According to a report by The Wall Street Journal on April 14, Arab officials said Saudi Arabia is urgently pressuring the United States to give up its blockade of the Strait of Hormuz and return to the table for negotiations between Iran and the U.S. Saudi Arabia’s core strategic concern is that the U.S. blockade action could encourage Iran to disrupt or blockade the Red Sea’s key chokepoint through the Houthis. Iran’s Supreme Leader’s foreign policy adviser, Velayati, warned on April 5 that global energy and trade flows “can be cut off by a single signal.”
Saudi Arabia previously made contingency plans in advance to respond to the blockade of Hormuz, shifting most crude oil exports from the Ras Tanura facilities in the Persian Gulf to the Yanbu port along the Red Sea coast. Currently, the daily export volume is about 7 million barrels, essentially back to the level before the outbreak of the conflict. This route change has allowed Saudi Arabia to temporarily avoid the direct impact of the Hormuz blockade.
However, the safety of this way out is itself facing new threats. Once Iran directs the Houthis to blockade or severely disrupt the Strait of Mandeb, Saudi Arabia’s oil exports via the Yanbu port will be directly affected, creating an energy export dilemma of “the front door is blocked and the back route is also cut off.” This is the core geopolitical logic behind Saudi Arabia’s decision to urgently apply diplomatic pressure on Washington.
Iran has issued clear threat signals through multiple official channels. Velayati has explicitly said Iran views the Strait of Mandeb “the same way it views the Strait of Hormuz,” and the semi-official media outlet Tasnim News Agency has also directly stated that a U.S. blockade could lead Iran to close the Red Sea passage.
Geographical control: The Houthis control large stretches of Yemen’s coastline near the Strait of Mandeb, giving them favorable conditions to interfere with ships transiting through the area
Historical precedent: Since the Gaza war, the Houthis’ involvement has already reduced the amount of crude oil passing through the Strait of Mandeb each day from 9.3 million barrels to about half
Space for escalation: Arab officials have warned that the Houthis may become more actively involved, even beginning to forcibly charge fees to ships transiting through the area
Think tank assessment: A Yemen expert at the Washington think tank “New America” noted: “If Iran truly wants to block the Strait of Mandeb, the Houthis are an available partner—and they already have the capability to prove it.”
Since the outbreak of the Iran-U.S. conflict on February 28, the global crude oil market has shown signs of a rare structural reshuffling.
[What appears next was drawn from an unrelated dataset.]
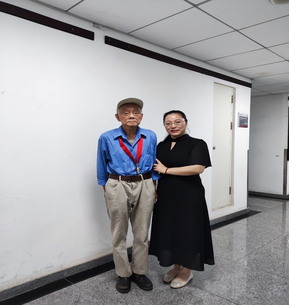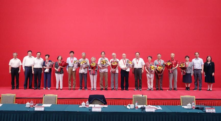 王保怀同志作为老党员代表接受校领导颁发纪念章合影
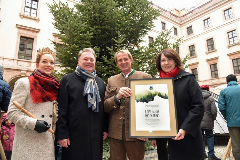 Foto: Minister Helmut Brunner (2. v. l.) mit v. l. Waldprinzessin Maria Sinning, Waldbotschafter Markus Wasmeier und der neuen Vorsitzenden der Schutzgemeinschaft Deutscher Wald Bayern, Tanja Schorer-Dremel, MdL.

On April 2, the near-month WTI crude contract for the first time in nearly four years surpassed Brent, reflecting a new logic that “oil you can actually get” commands a higher premium than “oil that represents the global market”—Middle East crude tied to Hormuz carries a war-risk premium, while WTI has become a key competitive advantage thanks to its “land-route advantage,” reaching the Gulf of Mexico directly through mature pipelines; some spot Brent prices have already broken above $140 per barrel.
Stratas Advisors CEO Paszy warned that spot Brent may test the $160 to $190 range in the next few weeks. If oil prices stay high for the long term, it will trigger severe “demand destruction,” forcing consumers to cut back significantly, and potentially leading to a global recession. Analysts say this may also be the biggest external bargaining chip that ultimately pushes both Iran and the U.S. back to the negotiating table.
On the diplomatic front, the Associated Press, citing sources, reported that a second round of direct talks between Iran and the U.S. may be about to take place. Islamabad and Geneva have both been listed as possible locations, with timing around or before Thursday of this week.
Although Saudi Arabia has shifted its crude oil exports to Yanbu port on the Red Sea, if Iran blocks the Strait of Mandeb via the Houthis, its daily oil exports of about 7 million barrels will again face a risk of being cut off. Saudi Arabia is therefore actively urging the U.S. to lift the blockade through diplomatic channels, to prevent itself from falling into an energy predicament where “two export routes are blocked at the same time.”
The Houthis control large stretches of Yemen’s coastline. Since the Gaza war, they have demonstrated practical capabilities to disrupt Red Sea shipping, causing the amount of crude oil passing through the Strait of Mandeb each day to drop from 9.3 million barrels to about half. Without deploying troops directly, Iran can upgrade and intensify disruption operations through the Houthis to achieve an effective blockade of the Strait of Mandeb.
If the two major chokepoints are blocked at the same time, the global crude oil supply chain will face an unprecedented double shock. Analysts warn that spot Brent crude could test $160 to $190. Prolonged high oil prices will trigger “demand destruction,” which could push major global economies into recession, and this pressure itself is also seen as the biggest leverage that could ultimately force both Iran and the U.S. back to the negotiating table.